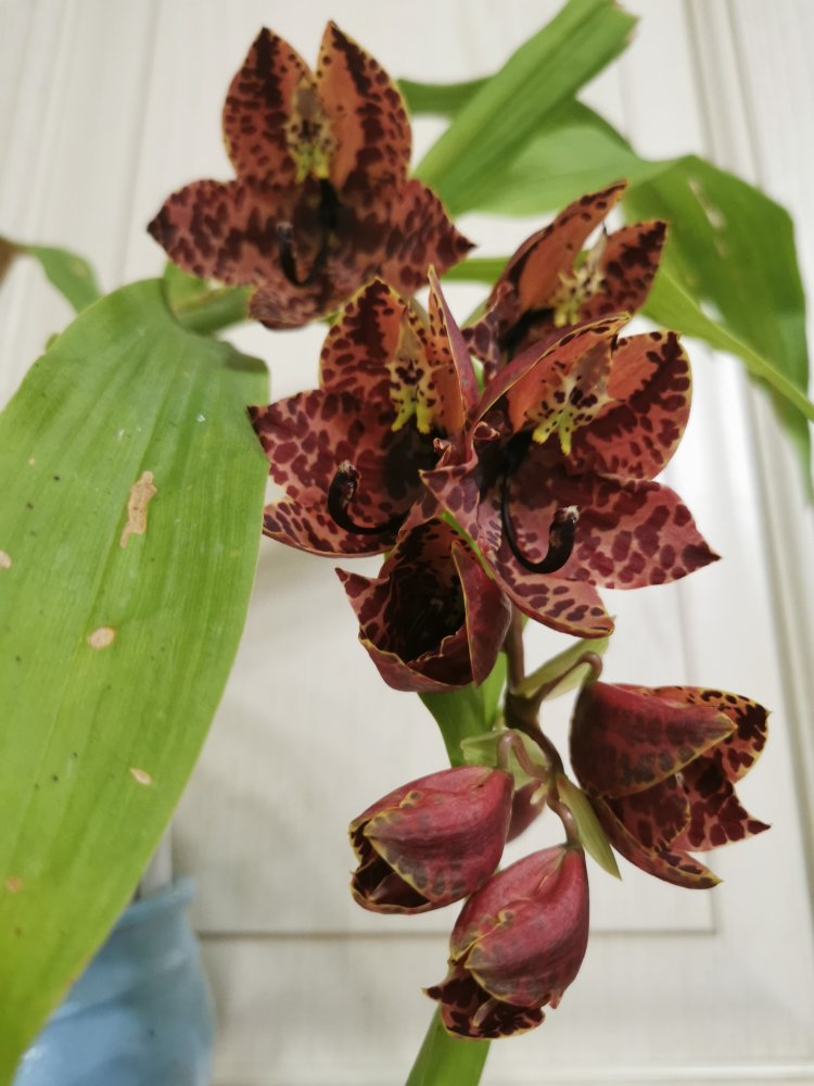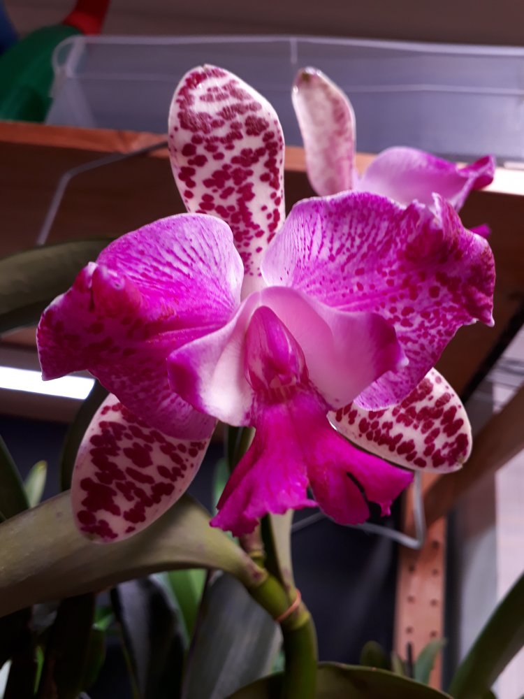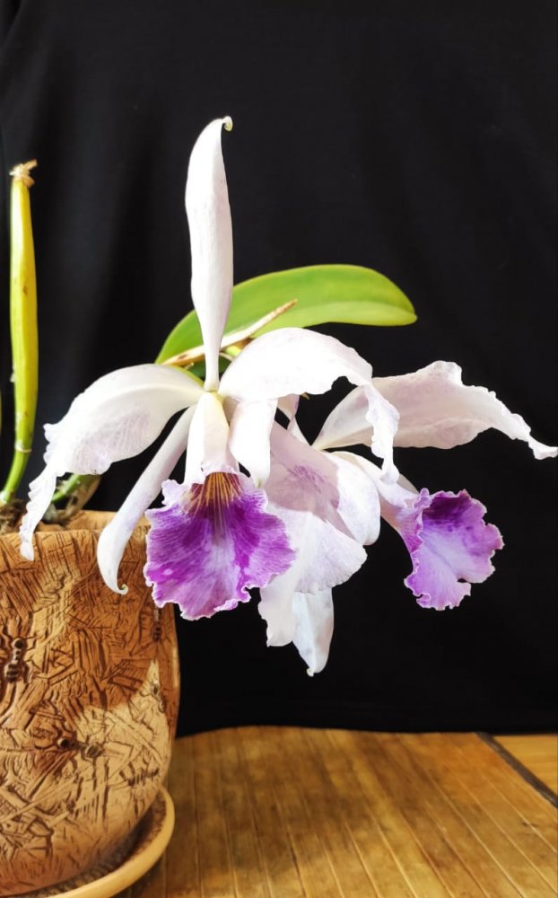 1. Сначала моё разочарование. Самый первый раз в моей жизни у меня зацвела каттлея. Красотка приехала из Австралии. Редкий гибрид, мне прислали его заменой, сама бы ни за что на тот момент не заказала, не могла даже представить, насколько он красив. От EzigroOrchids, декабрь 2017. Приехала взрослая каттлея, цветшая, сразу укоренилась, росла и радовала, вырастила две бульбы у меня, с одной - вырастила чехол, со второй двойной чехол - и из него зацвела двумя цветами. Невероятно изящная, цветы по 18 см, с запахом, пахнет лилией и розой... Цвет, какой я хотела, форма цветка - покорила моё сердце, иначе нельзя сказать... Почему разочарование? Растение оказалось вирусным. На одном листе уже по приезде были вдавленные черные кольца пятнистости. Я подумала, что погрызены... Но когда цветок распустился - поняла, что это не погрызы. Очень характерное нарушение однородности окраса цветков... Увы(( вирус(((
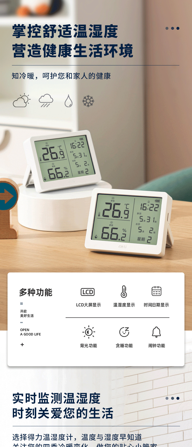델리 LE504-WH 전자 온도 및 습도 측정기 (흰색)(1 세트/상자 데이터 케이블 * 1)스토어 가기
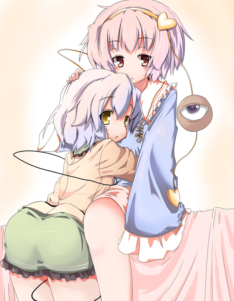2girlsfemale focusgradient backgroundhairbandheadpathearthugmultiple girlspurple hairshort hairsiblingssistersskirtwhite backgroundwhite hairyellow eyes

-- -- --

Would it be possible to copy the material exactly, excluding the images?

 1. Сначала моё разочарование. Самый первый раз в моей жизни у меня зацвела каттлея. Красотка приехала из Австралии. Редкий гибрид, мне прислали его заменой, сама бы ни за что на тот момент не заказала, не могла даже представить, насколько он красив. От EzigroOrchids, декабрь 2017. Приехала взрослая каттлея, цветшая, сразу укоренилась, росла и радовала, вырастила две бульбы у меня, с одной - вырастила чехол, со второй двойной чехол - и из него зацвела двумя цветами. Невероятно изящная, цветы по 18 см, с запахом, пахнет лилией и розой... Цвет, какой я хотела, форма цветка - покорила моё сердце, иначе нельзя сказать... Почему разочарование? Растение оказалось вирусным. На одном листе уже по приезде были вдавленные черные кольца пятнистости. Я подумала, что погрызены... Но когда цветок распустился - поняла, что это не погрызы. Очень характерное нарушение однородности окраса цветков... Увы(( вирус(((
델리 LE504-WH 전자 온도 및 습도 측정기 (흰색)(1 세트/상자 데이터 케이블 * 1)스토어 가기
2girlsfemale focusgradient backgroundhairbandheadpathearthugmultiple girlspurple hairshort hairsiblingssistersskirtwhite backgroundwhite hairyellow eyes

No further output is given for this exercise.